Empirical evidence on the relationship between Graduate Studies and Entrepreneurship

There have been various discussions on whether there is an association between a person’s knowledge and their respective expected business outcomes. While most works of literature have pointed out that graduate students have a higher probability of succeeding in entrepreneurial initiatives, there are selected cases where people with no entrepreneurial background and knowledge have made it business. Several reviews on entrepreneurship have compared individuals with an entrepreneurial background and those without (Audretsch, Belitski, and Desai 2015, p. 33). While this short evidence is not meant to be comprehensive, this article has focused on recent evidence that compared indicators of entrepreneurship among graduates and non-graduates.

An analysis by Nabi, Walmsley, Liñán, Akhtar, and Neame (2018, p. 457) examined first-year students who were studying business-related courses versus their counterparts who were studying non-business courses. The population was reviewed in terms of their respective entrepreneurial intentions. The study revealed that students with studying business-related courses had stronger entrepreneurial intention in comparison with students who pursued non-business causes. The study further found a positive correlation between entrepreneurial studies and the intentions to partake entrepreneurial initiatives. At the same time, the study revealed a positive relationship between studying business-related courses and the identification of entrepreneurial role models.

Kassean, Vanevenhoven, Liguori, and Winkel (2015, p.698) conducted a study in two universities in the USA among students within their four years of studies, which classified the students into two categories which are entrepreneurial and non-entrepreneurial.
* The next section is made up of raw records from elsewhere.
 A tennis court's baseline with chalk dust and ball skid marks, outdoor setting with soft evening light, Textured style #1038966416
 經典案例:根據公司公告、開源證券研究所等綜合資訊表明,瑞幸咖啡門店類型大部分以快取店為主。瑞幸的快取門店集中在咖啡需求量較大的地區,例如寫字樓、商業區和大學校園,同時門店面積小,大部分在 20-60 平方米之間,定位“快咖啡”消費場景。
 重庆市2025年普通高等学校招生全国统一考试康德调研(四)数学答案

The researchers used the following traits to categorise their respondents who were, the need for success, risk-taking index, confidence, innovativeness, locus of control and ambiguity tolerance. The study concluded that all the entrepreneurship traits were more prevalent in students who identified themselves as future entrepreneurs as compared to those who chose the contrary viewpoint. Fayolle and Gailly (2015) further investigated entrepreneurial intent among 356 students undertaking undergraduate courses in the business field. The study revealed that the greatest determinant of entrepreneurial intention was the relevant educational background, while the relationship to their social background among other demographic qualities was weak. As much as the model used by these researchers focused on personal characteristics, family backgrounds, the field of training and the motivation to launch an initiative, revealed that only personal traits explained only the motivation to start a business.
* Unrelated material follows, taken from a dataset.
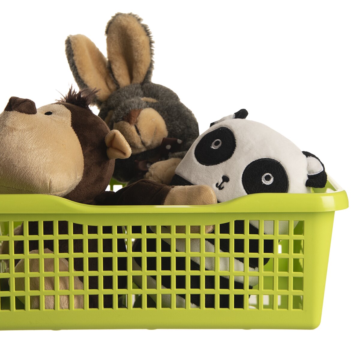 Kód produktu 731144Barevný plastový košík o rozměrech 42×32×17 cm. Slouží k uložení drobných předmětů v domácnosti.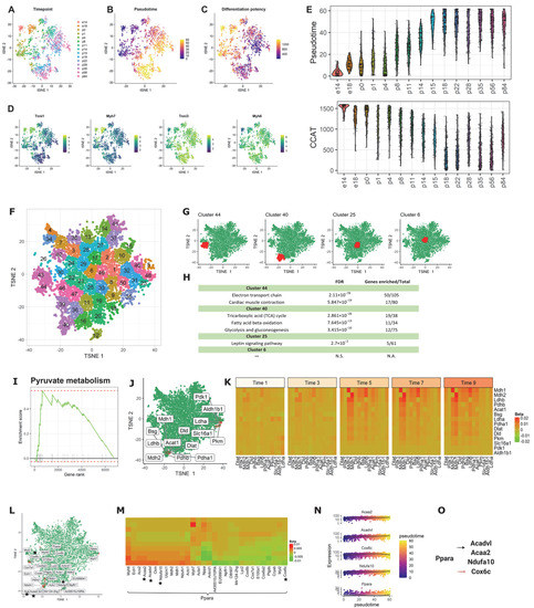 scInTime analysis with time-resolved scRNA-seq data from mouse CMs reveals gene expression programs in CM maturation. (A) Visualization of cells using tSNE embeddings plot. The cells are collected at 15 time points and color-coded accordingly. (B) tSNE visualization of cells colored according to their pseudotime estimation. The pseudotime is estimated using Monocle 3. (C) tSNE visualization of cells colored according to their differentiation potency. The differentiation potency is estimated using CCAT. (D) Expression level (log-transformed UMIs) of four representative genes, expressed differentially at different time points. (E) Boxplot of cells in different developmental stages (time points), colored by their pseudotime (up) and differentiation potency (bottom). (F) Clustering of genes in the tSNE plot. In the plot, each dot represents a gene. The 6969 genes are clustered into 50 clusters using the k-means algorithm. Genes in the same cluster have a similar profile in the regression coefficient matrix. (G) Positions of four clusters: #44, #40, #6, and #25, in the tSNE plot. Clusters #44 and #40 are located in the peripheral region of the 2D tSNE plot; clusters #6 and #25 are located in the central region. (H) Results of enrichment analysis for the four clusters in (F). N.S., not significant; N.A., not applicable. (I) GSEA enrichment plot for Pyruvate metabolism. (J) tSNE visualization of genes (n = 6969) embedded in a 2D plot based on each gene’s profile in the regression coefficient matrix. The leading-edge genes for pyruvate metabolism given in GSEA analysis are highlighted in red. (K) A pseudotime-series heatmap showing the change of regulatory strength between genes as a function of time. The genes shown are the leading-edge genes in Pyruvate metabolism, as in (I,J). (L) Positions of the 30 genes with the highest regulatory strength with Ppara in the tSNE plot. The genes labeled with black stars are from the model showed in (O), as in (M). (M) Heatmap of regression coefficient values (levels of regulatory strength) between Ppara and each of its top 30 regulated genes across 10 pseudotime intervals. The genes labeled with black stars are from the model showed in (O), as in (L). (N) The expression level of three selected genes (Acaa2, Acadvl, and Ndufa10) as a function of pseudotime. (O) The model of the regulations among the selected genes. Ppara, as an important regulator of fatty acid metabolism, activates fatty acid metabolism genes, including Acadvl and Acaa2, and genes related to mitochondrial energy metabolism (Ndufa). Ppara agonists can inhibit Cox genes expression.

According to various theories and the empirical evidence provided, it is clear that that entrepreneurship coursework courses are likely to produce higher levels of self-confident, career explorations, and higher outcomes among graduates. The process of shaping entrepreneurial outcomes and career explorations through education is evident across pieces of literature published across various periods. The recent upsurge in entrepreneurship initiatives could be attributed to the increased enrolment in graduate studies in recent years, especially in the 21st century. Therefore, from this discussion, it is clear that one can support the assertion that graduate training encourages the establishment of new entrepreneurial initiatives and facilitates better outcomes among the existing entrepreneurs. Lastly, Lima, Lopes, Nassif, and da Silva (2015, p.1044) also confirmed that entrepreneurship is not majorly an outcome of classical factors of economic progress. The author identifies seven major factors that influence entrepreneurship in any society; these opportunities include demographics, educational levels (the higher education level, the more one is likely to become an entrepreneur), the cultural background, infrastructure available, and the capacity to undertake entrepreneurial initiatives. The author also identifies a fundamental issue that informs the subsequent sections of this study, and that is, there is a positive relationship between entrepreneurship and economic development.
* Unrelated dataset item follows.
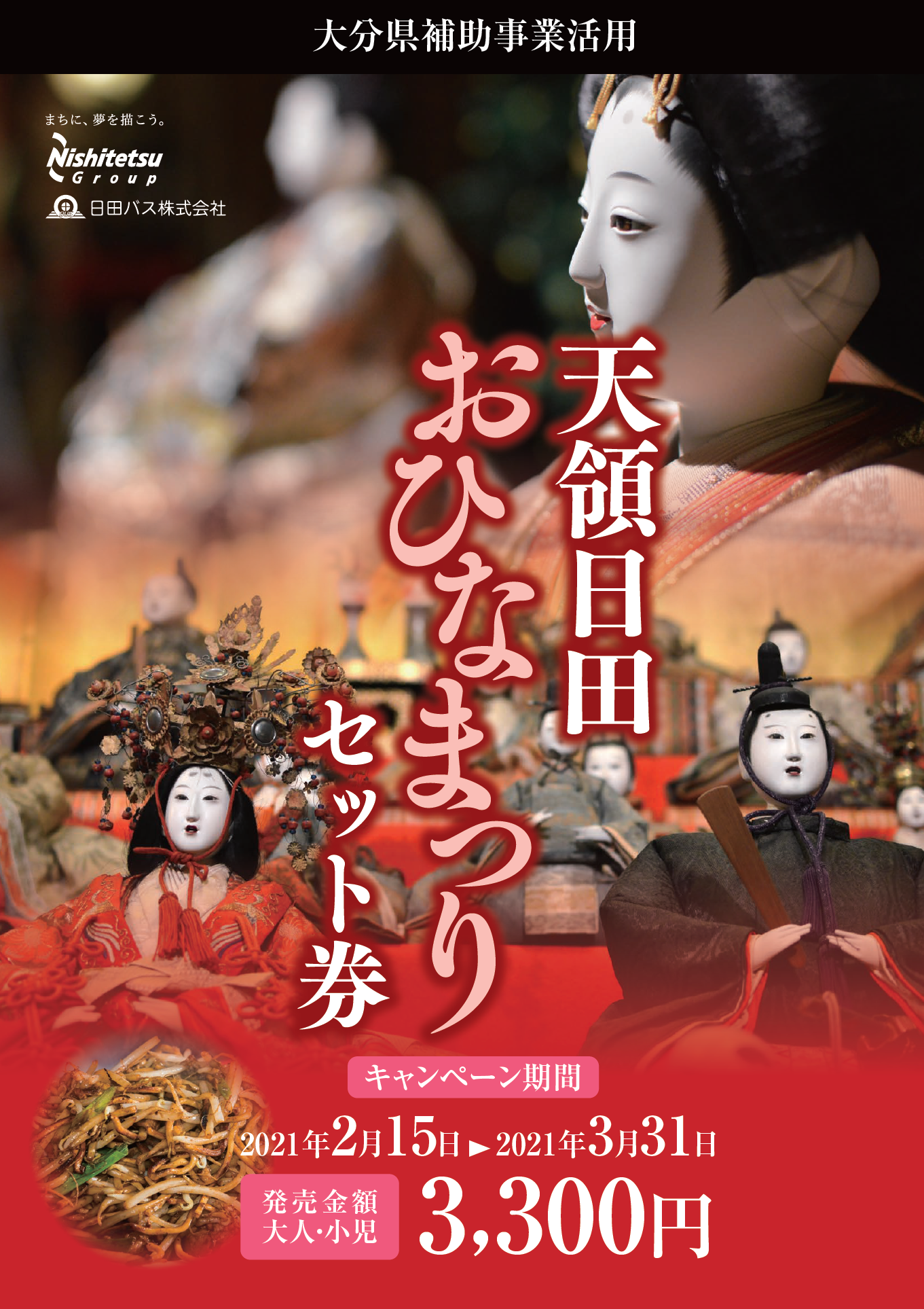 天領日田おひなまつりセット券は、福岡〜日田間の高速バス往復乗車券と「天領日田おひなめぐりクーポン」、「日田やきそば食べ比べプラン(ハーフサイズ2食)」がセットになったもので、実質約43%OFFの特典となります。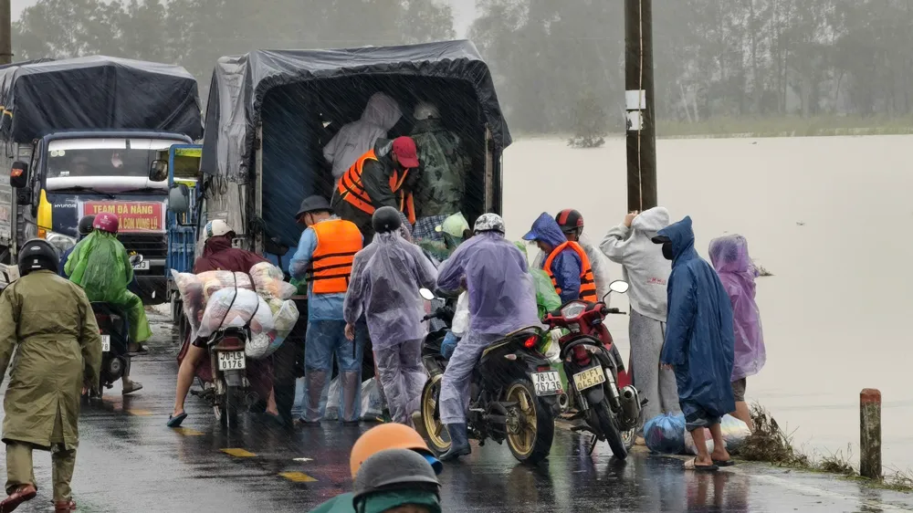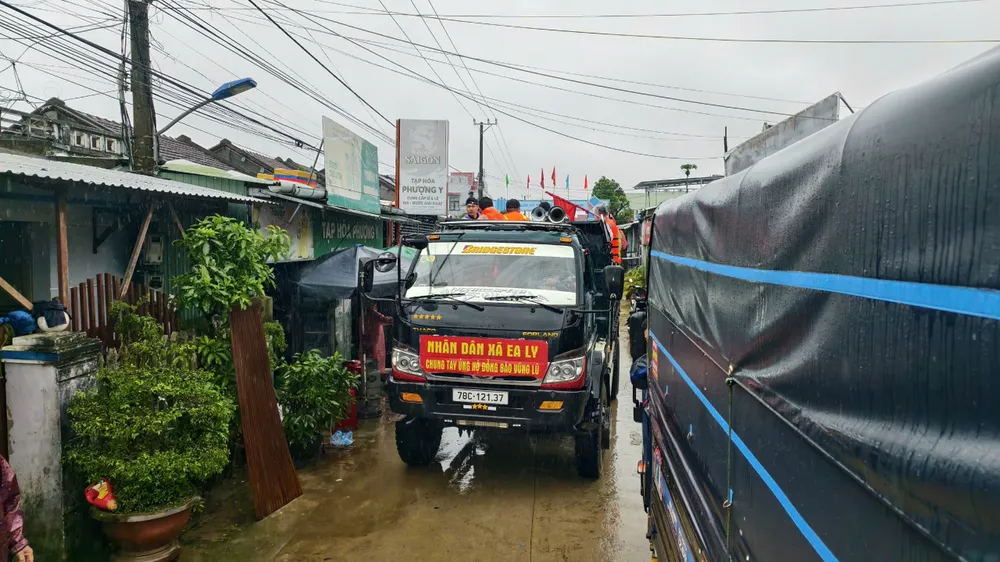 Đến hơn 14 giờ ngày 22-11, tại rốn lũ xã Hòa Thịnh, tỉnh Đắk Lắk, hàng trăm đoàn cứu trợ từ các nơi đổ về, mang theo nhiều thực phẩm, nhu yếu phẩm, áo phao… hỗ trợ bà con tại đây.

Entrepreneurship and Economic Growth

From the previous discussion, it is clear that graduates with entrepreneurial skills are likely to establish entrepreneurial initiatives and improve existing businesses. The issue now lies on whether such initiatives have the ability to an initiative or foster social and economic development. A classical theory developed by Robert Solow states that economic growth is an outcome of two inputs, which are the level of capital and labour in society. Technological innovations in that society determine the nature of this function. Therefore, according to the theory presented by Solow, economic growth of any country is determined by the amounts of labour and capital that the country has, and the technological possibilities that the society can access such as the level education within the society.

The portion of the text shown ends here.